In short, while descriptive statistics summarizes and organizes data, inferential statistics draws broader conclusions and makes predictions based on those conclusions. Both are crucial in the field of statistics, as they work synergistically to provide a comprehensive understanding of data and to support informed decisions.

Example with Python

Supponiamo di avere un set di dati che rappresenta l’altezza di un gruppo di studenti e vogliamo esplorare sia la statistica descrittiva che quella inferenziale su tale campione utilizzando del codice Python.

import numpy as np
from scipy import stats

# Let's create a data set (height in centimeters)
sample_heights = [160, 165, 170, 155, 175, 180, 162, 168, 172, 158]

# Descriptive Statistics
mean_heights = np.mean(sample_heights)
median_heights = np.median(sample_heights)
std_deviation = np.std(sample_heights)

print(f"Mean of heights: {mean_heights:.2f} cm")
print(f"Median of heights: {median_heights:.2f} cm")
print(f"Standard deviation of heights: {std_deviation:.2f} cm")

# Inferential Statistics
confidence_level = 0.95
confidence_interval = stats.norm.interval(confidence_level, loc=mean_heights, scale=std_deviation/np.sqrt(len(sample_heights)))

print(f"\nConfidence interval of {confidence_level * 100}% for the mean of the heights: ({confidence_interval[0]:.2f} cm, {confidence_interval[1]:.2f} cm)")

# Example of hypothesis testing (let's assume the average is 170 cm)
mean_hypothesis = 170
t_stat, p_value = stats.ttest_1samp(sample_heights, mean_hypothesis)

print(f"\nHypothesis testing:")
print(f"T-statistic: {t_stat:.4f}")
print(f"P-value: {p_value:.4f}")

# t-value valutation
if abs(t_stat) > 2:
    print("\nThe t value is significantly different from zero.")
else:
    print("\nThe t value is not significantly different from zero.")

# We compare the p-value with a significance level (for example, 0.05)
level_of_significance = 0.05
if p_value < level_of_significance:
    print("The average of the heights in the sample is significantly different from 170 cm.")
else:
    print("There is insufficient evidence to reject the hypothesis that the average height is 170 cm.")

By running the code, the result of the two statistical analyzes on the height sample is obtained:

Mean of heights: 166.50 cm
Median of heights: 166.50 cm
Standard deviation of heights: 7.54 cm

Confidence interval of 95.0% for the mean of the heights: (161.83 cm, 171.17 cm)

Hypothesis testing:
T-statistic: -1.3926
P-value: 0.1972

The t value is not significantly different from zero.
There is insufficient evidence to reject the hypothesis that the average height is 170 cm.

The code example provided uses Python and the NumPy and SciPy libraries to illustrate applying descriptive and inferential statistics to a sample of data.

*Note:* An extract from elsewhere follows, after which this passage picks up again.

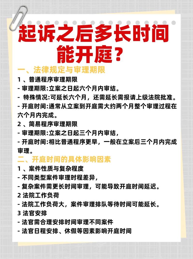 - 开庭排期: 法官和律师的时间需要协调,可能需要等待数周甚至数月。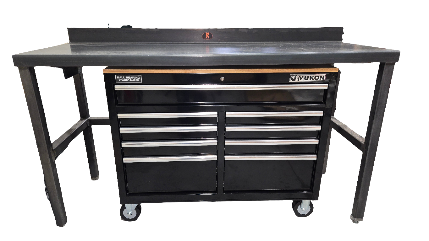 Custom sized work benches. 2'x6' and 40" height with 10 ga. work surface top. (shown.) Prices start at $850. Compare to $1,100 for current ones on the market.

Here is a detailed description of the code:

Se vuoi approfondire l’argomento e scoprire di più sul mondo della Data Science con Python, ti consiglio di leggere il mio libro:

Python Data Analytics 3rd Ed

Fabio Nelli

  1. Sample Selection:

We use NumPy to generate a sample of student heights. The sample is generated from a normal distribution with a mean of 170 cm and a standard deviation of 8 cm.

sample_heights = [160, 165, 170, 155, 175, 180, 162, 168, 172, 158]
  1. Descriptive statistics:

We calculate the mean, median and standard deviation of the sample.

mean_heights = np.mean(sample_heights)
median_heights = np.median(sample_heights)
std_deviation = np.std(sample_heights)
  1. Printing of Descriptive Measurements:

We print the results of the descriptive measures to get an idea of the main characteristics of the sample.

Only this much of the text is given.